Taken from a text posted by Pianticellawhom I caused to wipe four days of work sorting WYD photos by gmail-chat-quizzing her about Calvinist novels as she performed a crucial Picasa maneouvre(?sp?). 

… elle ne support pas les craintes pueriles que certaines d’entre nous auraient pour les insectes et autres animaux, elle tient absolument a ce qu’on se domine sur ce point; sur tous les domains il faut etre maitresse chez soi, sinon il faut renoncer a la saintete.

(a nun of Solesmes, on their first abbess)


… you will practise therein humility, obedience, simplicity and charity: in short, more virtues than in any other single act of religion.


St Francis de Sales, Introduction to the Devout Life, pt II ch. 19

(read this time in a great book called  L’art d’utiliser ses fautes, by Joseph Tissot: published in English as How to Profit from Your Faults, in Polish as Sztuka Korzystania z Własnych Błędów, etc.)

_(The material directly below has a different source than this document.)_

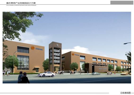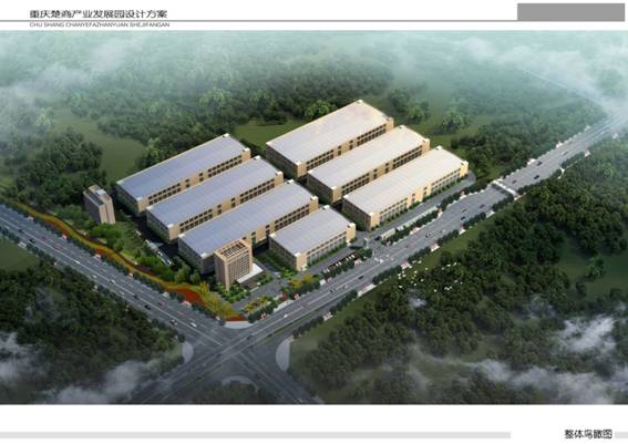 重庆楚商产业园由重庆楚商投资发展有限公司投资建设,项目占地120077.54平方米,总建筑198984平方米,其中标准厂房183758.9平方米,办公楼7468.17平方米,职工倒班房7756.92平方米。厂房为三层标准厂房,结构为预应力混凝土结构,跨度为19.8米—9.9米—19.8米。第一层层高9米,第二层层高6米,第三层层高6米,建筑物总高度23.7米。一楼承重每平方米10吨,二楼、三楼每平方米承重1.5吨,底楼预留行车支架承重20吨,二楼、三楼预留行车支架承重3吨。每栋标准厂房底楼4个进出通道,二楼、三楼4个人员楼梯通道,4部货运电梯,每部电梯载重5吨,轿厢载货面积为16平方米,可容叉车、电瓶车、平板车直接进出。厂区最窄道路18米,主干道24米,预留有集装箱、货挂车车位50个,小车位120个。

There was that newspaper thing inviting people to write in on the subject of “What’s Wrong with the World”, to which  Chesterton the Great wrote saying “Dear Sir, I am.”

For the Lord says “my name is blasphemed among all the peoples” and again “woe to him by reason of whom my name is blasphemed”.  Why is it blasphemed? Because we do not do what we say. Hearing from us the word of God, so good and so great, people are full of admiration. Then, seeing that our actions are not worthy of the words we speak, they turn to blasphemy saying that this word is some fable and an error.

For when they hear from us that God says “You have no gratia, [credit, says RSV; DR has thanks]  if you love those who love you; butyou have gratia, if you love your enemies and those who hate you”, they admire [its/the] sublime goodness. When however they see that we don’t only not love those who hate us, but not even those who love us, they laugh at us and blaspheme the Name.

A sermon of a second-century author, trans. bat Ionah b/c St Josaphat trumped Friday of the 32nd week of Ordinary Time this year, and so the English is not on Universalis.

Joesph Bolin, Paths of Love: the discernment of vocation according to Aquinas, Ignatius, and Pope John Paul II (2008).

I found this when I noticed that someone who follows Joe-Mark’s blog (g’night, Jo-Mark!) had a suspiciously familiar name. And of course, the author studies at the same fine institution that gave me what theological formation I have (wasn’t there long), and produced this and this and this and this and this and this and this and  … (these are folk who were students when I was there, and are ones for whom I could find a page).  The chap himself arrived after I left (we met in a car between Vaduz and Feldkirch, I think that is about the extent of our actual acquaintance).

I wish he’d done a “what” book instead of the “how to” book he appears to have done, but hey. He quotes Balthasar without a health warning, but perhaps it was written when there were more Balthasar fans around the place, and, y’know, probably even Calvin wrote some stuff that was related to reality.

The blog of the book. [wonder who thought it would be a good idea to use that unfortunate  shade of pink?]
The book.

People interested in this might also be interested in:

Aelianus on vocation.

Me on vocation (warning,  stream-of-consciousness rambling). Lots of arguing in the combox though.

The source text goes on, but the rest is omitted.